Мои товарищи не засиделись, всех их быстро направили в училища — кого в пехотное, кого в танковое, кого даже в авиационное. У меня врачи обнаружили черт-те что — астигматизм. Плоховато, оказывается, вижу правым глазом. Военком посочувствовал: «Попробую тебя в интендантское». Меня это «попробую» возмутило до глубины души: «Портянки считать? Ни за что! Пойду рядовым».
И целых два месяца ждал.
Отправили по первому снежку с партией парней из дальних деревень пешком с котомочкой до станции. Свои восемнадцать лет я встретил на пересыльном пункте. И верилось тогда — до фронта рукой подать.
Но… «Со средним образованием шаг вперед!» — в дивизионную школу младших командиров.
На головокружительно высоком берегу реки Вятки горделивый старинный собор.
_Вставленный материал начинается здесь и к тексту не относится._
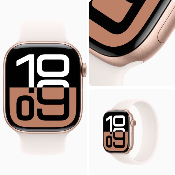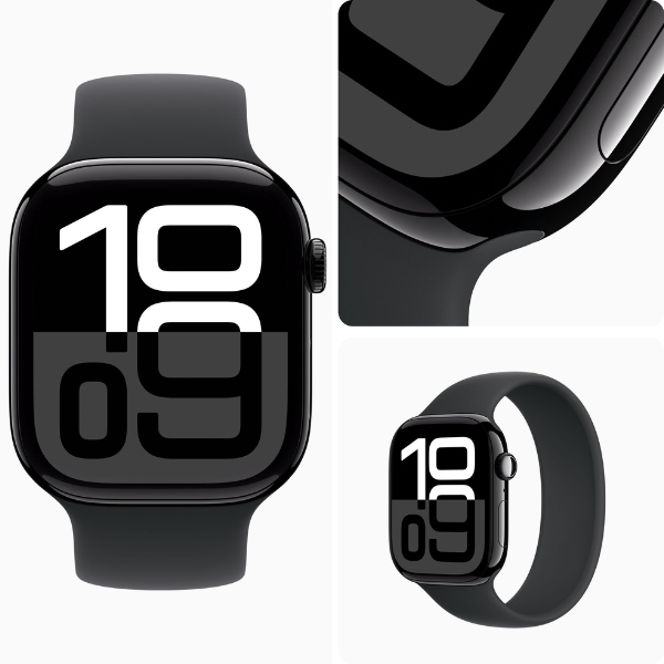 Vẫn giữ phong cách thiết kế đặc trưng của Apple Watch nhưng với Series 10 có vẻ ngoài thanh lịch với các tùy chọn màu sắc: Đen Bóng, Vàng Hồng và Bạc. Viền nhôm mang lại cảm giác nhẹ nhàng (chỉ 30 gram) và thoải mái khi đeo trên tay. Kích thước 42mm phù hợp với cổ tay vừa và lớn, tạo cảm giác chắc chắn. Mặt kính Ion-X giúp tăng cường độ bền, chống trầy xước.

В нем в три этажа — едва не до купола — дощатые нары. В нем незримо присутствует дух великого Суворова, бросившего в свое время неосторожную фразу: «Тяжело в учении, легко в бою!» А потому у нас ежедневно строевые занятия, время от времени изнурительные броски по сто километров и больше и не слишком обременительное обучение воинскому мастерству.